- **Data excerpts**:
* * * * * * * * *
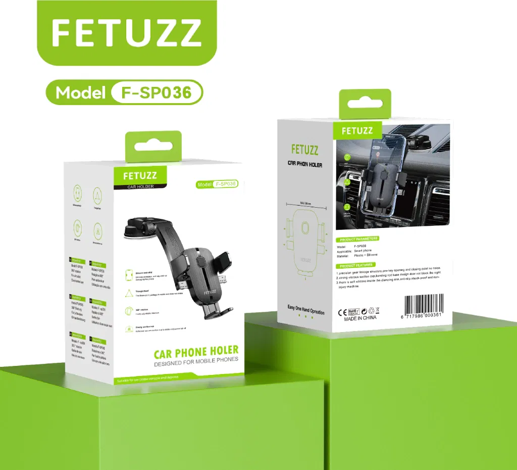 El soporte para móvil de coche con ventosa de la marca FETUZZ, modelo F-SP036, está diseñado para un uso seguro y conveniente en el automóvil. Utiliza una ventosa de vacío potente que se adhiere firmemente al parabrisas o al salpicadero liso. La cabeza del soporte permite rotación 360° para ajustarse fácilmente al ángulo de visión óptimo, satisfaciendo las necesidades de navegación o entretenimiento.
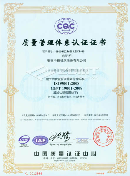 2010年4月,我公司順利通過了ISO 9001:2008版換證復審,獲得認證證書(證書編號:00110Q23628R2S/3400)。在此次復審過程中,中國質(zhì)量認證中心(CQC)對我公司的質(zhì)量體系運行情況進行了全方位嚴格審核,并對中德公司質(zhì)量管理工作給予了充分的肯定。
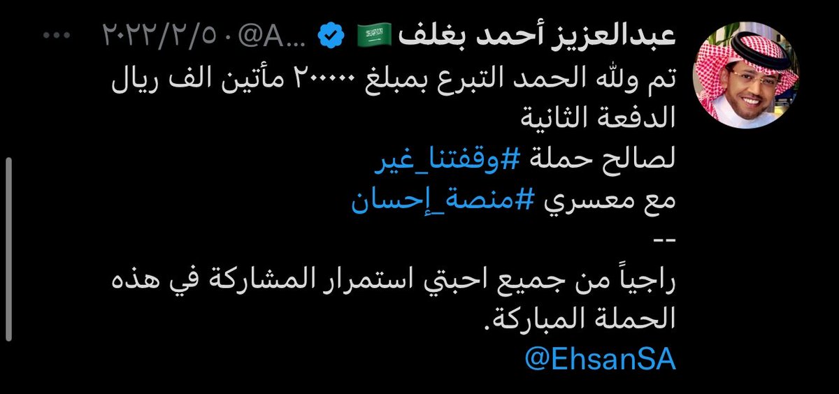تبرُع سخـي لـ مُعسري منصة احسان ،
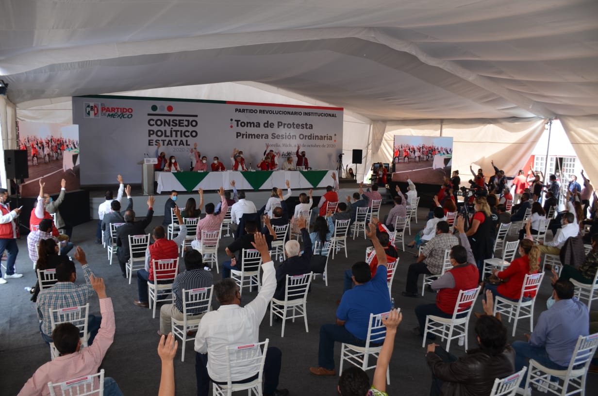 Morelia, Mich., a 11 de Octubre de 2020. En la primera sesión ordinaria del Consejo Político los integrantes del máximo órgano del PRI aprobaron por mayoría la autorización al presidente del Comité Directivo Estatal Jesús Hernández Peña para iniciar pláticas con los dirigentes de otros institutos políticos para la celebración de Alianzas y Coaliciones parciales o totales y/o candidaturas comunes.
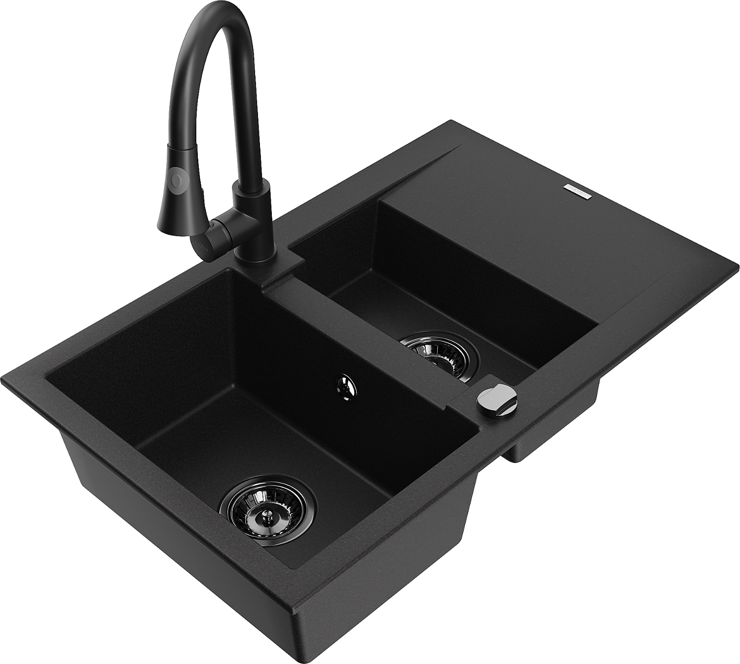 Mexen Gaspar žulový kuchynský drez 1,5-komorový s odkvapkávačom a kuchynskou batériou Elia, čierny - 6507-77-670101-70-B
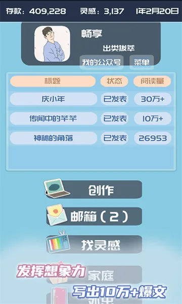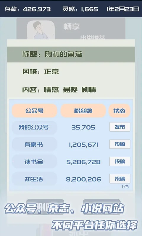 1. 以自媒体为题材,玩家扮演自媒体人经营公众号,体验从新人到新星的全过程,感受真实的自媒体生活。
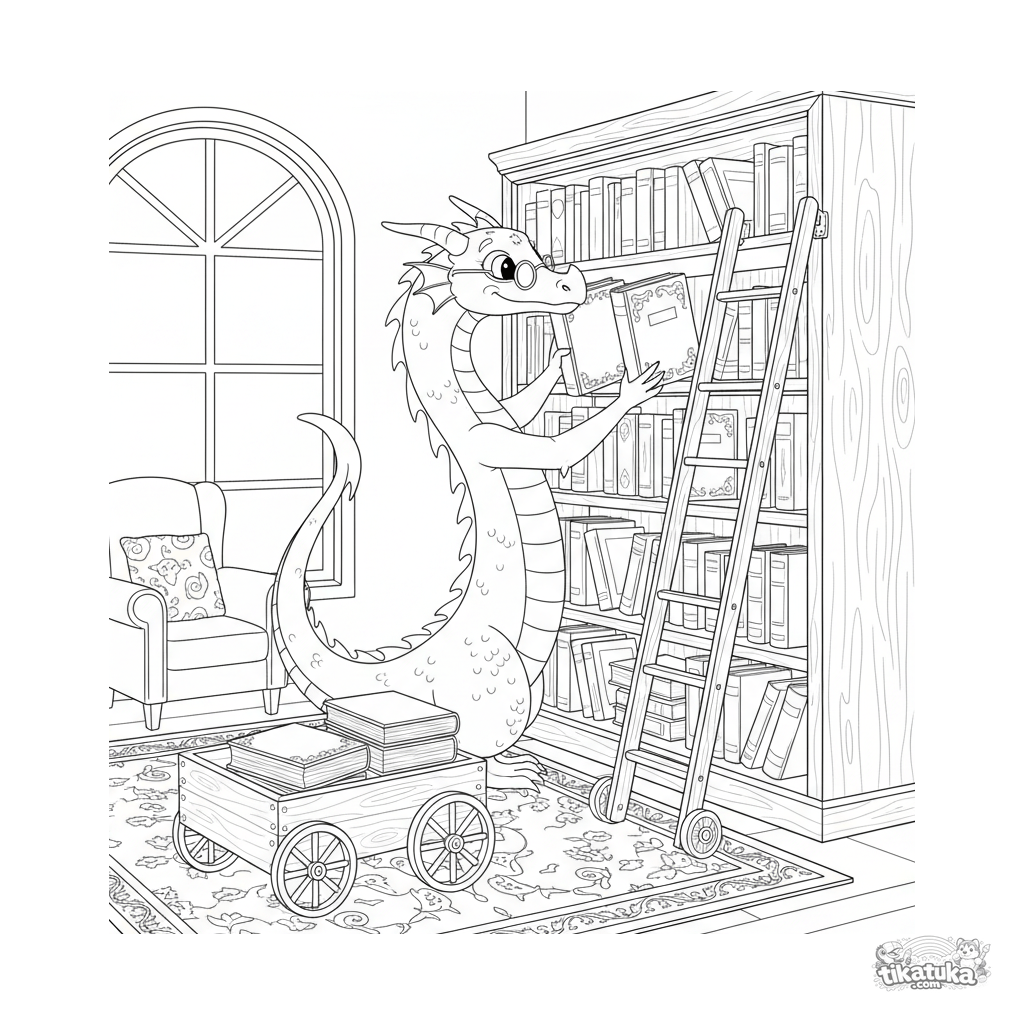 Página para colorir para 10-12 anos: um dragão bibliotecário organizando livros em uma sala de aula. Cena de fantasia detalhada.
* * * * * * * * *
- **Problem description**:
Word for word, restate the lines above from the first through the one that contains "تبرُع سخـي لـ مُعسري منصة احسان ،", and exclude all pictures.

- **Problem solution**:
 El soporte para móvil de coche con ventosa de la marca FETUZZ, modelo F-SP036, está diseñado para un uso seguro y conveniente en el automóvil. Utiliza una ventosa de vacío potente que se adhiere firmemente al parabrisas o al salpicadero liso. La cabeza del soporte permite rotación 360° para ajustarse fácilmente al ángulo de visión óptimo, satisfaciendo las necesidades de navegación o entretenimiento.
 2010年4月,我公司順利通過了ISO 9001:2008版換證復審,獲得認證證書(證書編號:00110Q23628R2S/3400)。在此次復審過程中,中國質(zhì)量認證中心(CQC)對我公司的質(zhì)量體系運行情況進行了全方位嚴格審核,并對中德公司質(zhì)量管理工作給予了充分的肯定。
تبرُع سخـي لـ مُعسري منصة احسان ،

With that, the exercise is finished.